:: Exercise requirements ::
Set out word for word the line that contains "株式会社赤福名古屋営業所 所長" and each line after it, through the end of the data below, but exclude the pictures.

:: Stored data ::
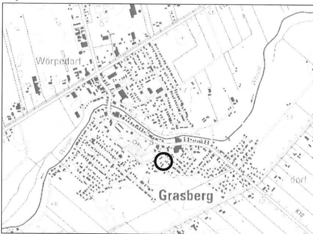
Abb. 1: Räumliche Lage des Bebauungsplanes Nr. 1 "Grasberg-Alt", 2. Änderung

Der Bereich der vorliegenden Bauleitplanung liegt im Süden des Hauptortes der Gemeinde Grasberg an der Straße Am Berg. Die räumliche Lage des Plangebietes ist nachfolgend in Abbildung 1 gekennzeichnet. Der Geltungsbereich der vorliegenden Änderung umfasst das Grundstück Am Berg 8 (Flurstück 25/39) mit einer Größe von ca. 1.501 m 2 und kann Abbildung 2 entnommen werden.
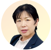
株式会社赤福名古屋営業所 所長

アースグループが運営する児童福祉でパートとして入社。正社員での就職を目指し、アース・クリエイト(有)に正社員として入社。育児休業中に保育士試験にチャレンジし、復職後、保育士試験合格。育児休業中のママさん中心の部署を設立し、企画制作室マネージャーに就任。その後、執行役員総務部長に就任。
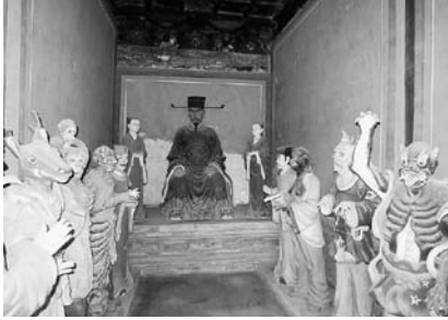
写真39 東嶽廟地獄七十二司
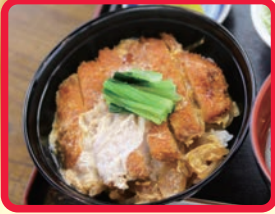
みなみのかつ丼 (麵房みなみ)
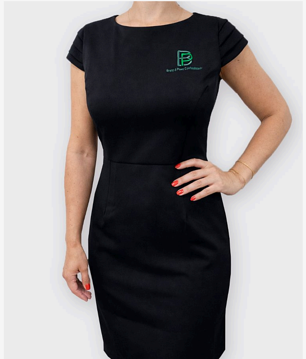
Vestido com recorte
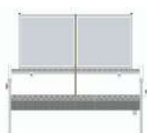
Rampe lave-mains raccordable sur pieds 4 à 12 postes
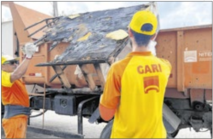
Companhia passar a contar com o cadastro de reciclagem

:: Answer to the problem ::
株式会社赤福名古屋営業所 所長

アースグループが運営する児童福祉でパートとして入社。正社員での就職を目指し、アース・クリエイト(有)に正社員として入社。育児休業中に保育士試験にチャレンジし、復職後、保育士試験合格。育児休業中のママさん中心の部署を設立し、企画制作室マネージャーに就任。その後、執行役員総務部長に就任。
写真39 東嶽廟地獄七十二司
みなみのかつ丼 (麵房みなみ)
Vestido com recorte
Rampe lave-mains raccordable sur pieds 4 à 12 postes
Companhia passar a contar com o cadastro de reciclagem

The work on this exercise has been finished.